Task requirements
Starting with the line that has "이제 패키지에 스프링" in the records below and ending with the line that has "HiWi Stelle Unterstützung", output those lines exactly and nothing more; omit the pictures.

Exercise inputs
▽

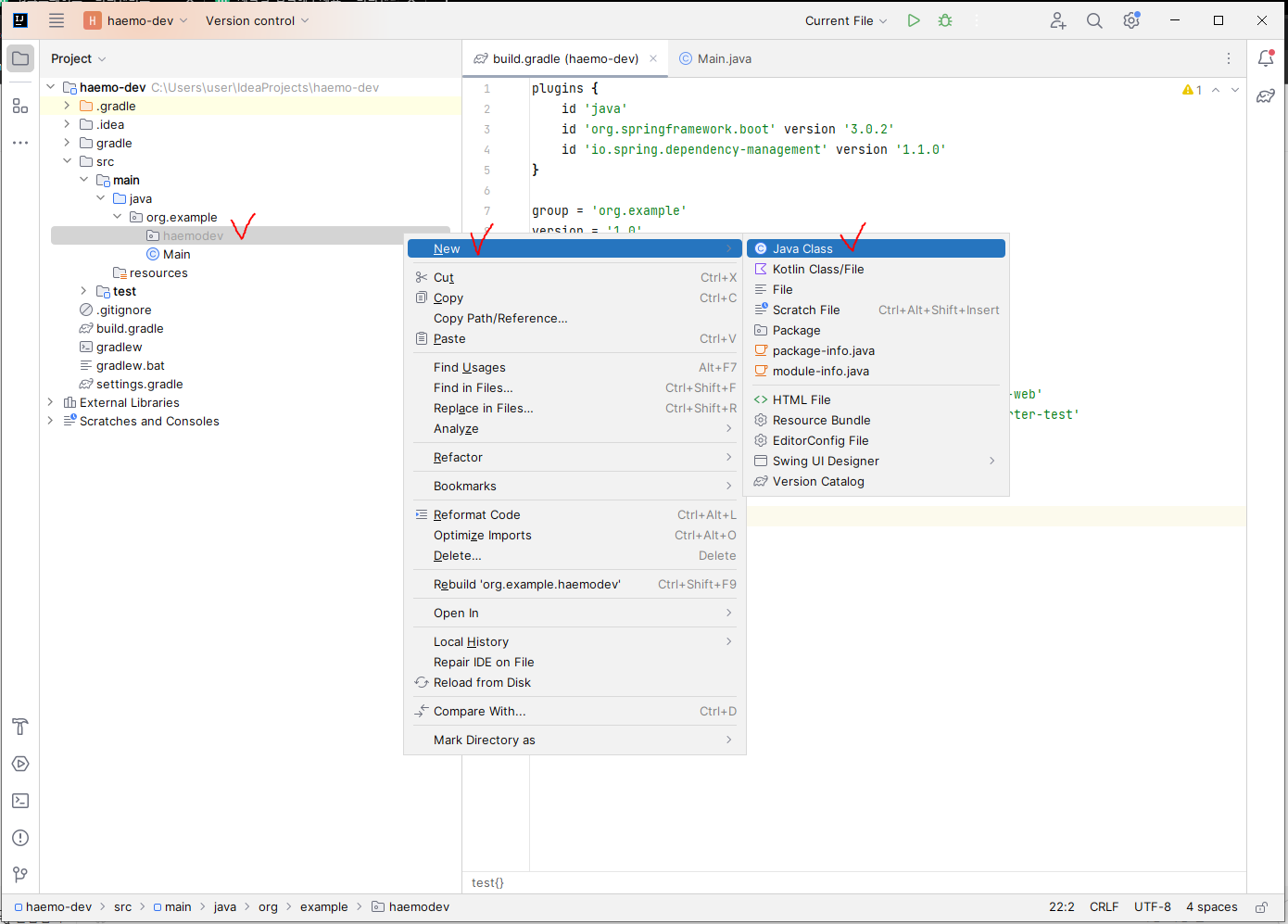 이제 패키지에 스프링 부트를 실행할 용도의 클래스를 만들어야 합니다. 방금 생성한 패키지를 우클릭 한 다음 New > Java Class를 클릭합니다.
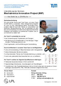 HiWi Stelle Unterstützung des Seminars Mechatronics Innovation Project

△
▽

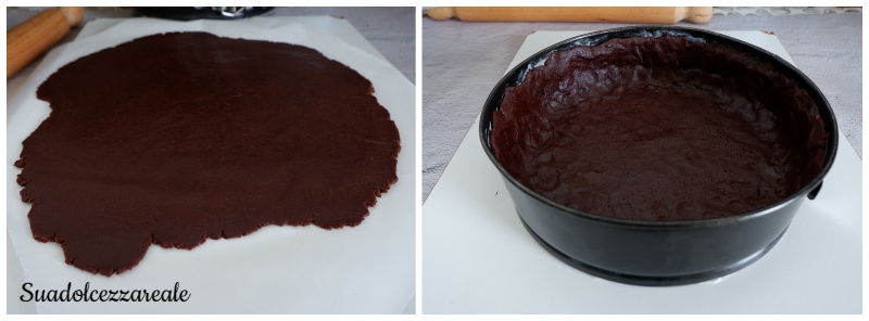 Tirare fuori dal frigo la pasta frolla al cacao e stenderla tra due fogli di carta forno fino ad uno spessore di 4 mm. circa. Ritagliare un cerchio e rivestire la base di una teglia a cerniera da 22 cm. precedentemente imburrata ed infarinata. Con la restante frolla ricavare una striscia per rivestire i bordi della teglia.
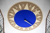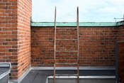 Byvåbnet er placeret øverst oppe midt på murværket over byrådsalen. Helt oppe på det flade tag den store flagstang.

△

Solution for this problem
 이제 패키지에 스프링 부트를 실행할 용도의 클래스를 만들어야 합니다. 방금 생성한 패키지를 우클릭 한 다음 New > Java Class를 클릭합니다.
 HiWi Stelle Unterstützung des Seminars Mechatronics Innovation Project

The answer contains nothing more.